The largest differencing method is an algorithm for solving the partition problem and the multiway number partitioning. It is also called the Karmarkar–Karp algorithm.
This is an implementation of the Karmarkar-Karp algorithm in O(nlogn) steps.
The Karmarkar-Karp heuristic begins by sorting the numbers in decreasing order. At each step, the algorithm commits to placing the two largest numbers in different subsets, while differencing the decision about which subset each will go in. The algorithm continues removing the two largest numbers, replacing by their difference in the sorted list, until there is only one number left, which is the value of the final subset difference.
To compute the actual partition, the algorithm builds a tree, with one node for each original number. Each differencing operation adds an edge between nodes, to signify that the corresponding numbers must go in different subsets. The resulting graph forms a spanning tree of the original nodes, which is then two-colored to determine the actual subsets, with al the numbers of one color going in one subset. Since all the numbers must eventually be combined, and n ñ 1 edges be created, one for each differencing operation. We can then color the nodes of the tree with two colors, so that no two adjacent nodes receive the same color, to get the final partition itself. To two-color a tree, color one node arbitrarily, and then color any node adjacent to a colored node the opposite color.

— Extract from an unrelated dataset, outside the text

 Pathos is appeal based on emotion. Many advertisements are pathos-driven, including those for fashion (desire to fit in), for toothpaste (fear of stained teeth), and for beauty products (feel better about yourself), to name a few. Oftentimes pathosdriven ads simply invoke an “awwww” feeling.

The running time of this algorithm is O(nlogn) to sort the n numbers, O(nlogn) for the differencing, since each difference must be inserted into the sorted order, sing a heap for example, and finally O(n) to two-color the graph, for an overall time complexity of O(n log n).

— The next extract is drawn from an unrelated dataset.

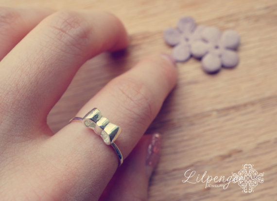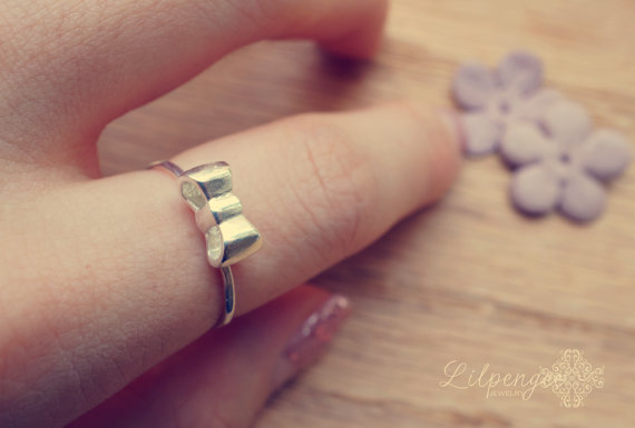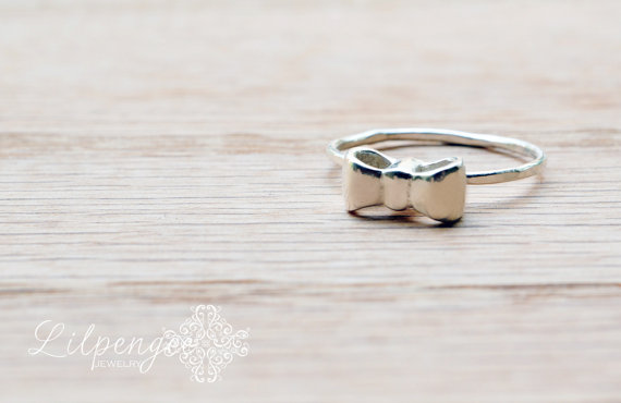 A sweet sterling silver bow dainty stacking ring .This adorable ring is as cute as can be. Looks great worn alone or stacked with other rings!

The Karmarkar-Karp algorithm finds much better solutions on average than the three heuristics. As the number of values increases, the final difference found by the KK heuristic becomes orders of magnitude smaller than for the three other heuristics. There were many instances where the KK heuristic found a perfect partition.

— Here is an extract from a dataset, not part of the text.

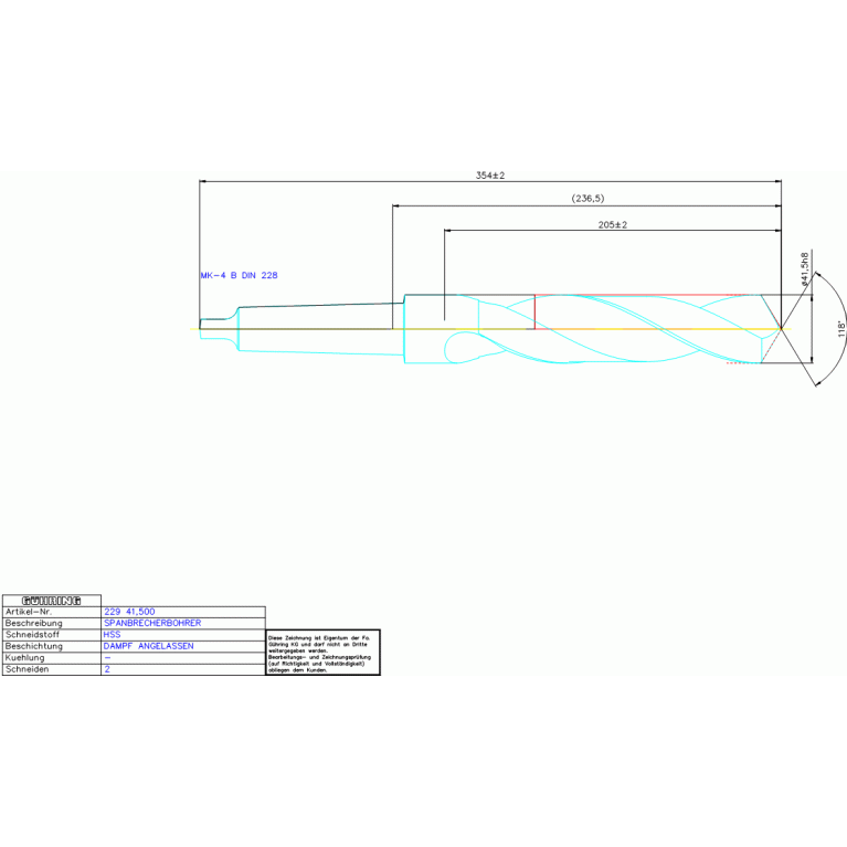 HSS SPIRALBOHRER 41,500 DIN 345RN MKSPAN

The difference between the quality of the KK algorithm and the others is due to the fact that, the difference of the final partition is on order of the size of the last number to be assigned. For the other heuristics (i.e. repeated random, hill climbing, simulated annealing), this is the size of the smallest original number. This explains the small improvement with increasing problem size, since the more values we start with, the smaller the smallest of them is likely to be. For n numbers uniformly distributed between zero and one, the repeated random heuristic produces a final difference of O(1/n).
For the KK algorithm the differencing operations dramatically reduce the size of the remaining numbers. The more numbers we begin with, the more differencing operations, and therefore, the smaller the size of the last number.
I increased the number of iterations (loop count) in my code from a range of 2,500 – 300,000. Clearly, as the number of loop iterations increases, the residue for each heuristic to approaches 0. However, the KK heuristic approaches 0 more rapidly than the other three. The hill climbing heuristic never returned a residue of zero.
The Karmarkar-Karp heuristic, at each cycle, commits to placing the two largest numbers in different subsets, by replacing them with their difference. The other option is to place them in the same subset, replacing them by their sum. The resulting algorithm searches a binary tree depth-first from left to right, where each node replaces the two largest remaining numbers. The left branch replaces them by their difference, while the right branch replaces them by their sum. The difference is inserted in sorted order in the remaining list, while their sum is simply added to the head of the list, since it will be the largest element. So the first solution found is indeed the KK solution, and as it continues to run it finds better solutions, until an optimal solution is found and verified.
The list could be maintained by a simple array, with a linear scan for insertion of the differences. While this might seem to take O(log n) time for each insertion, it amounts to only a constant factor, since most of the nodes in thee tree are near the bottom, where the lists are very short.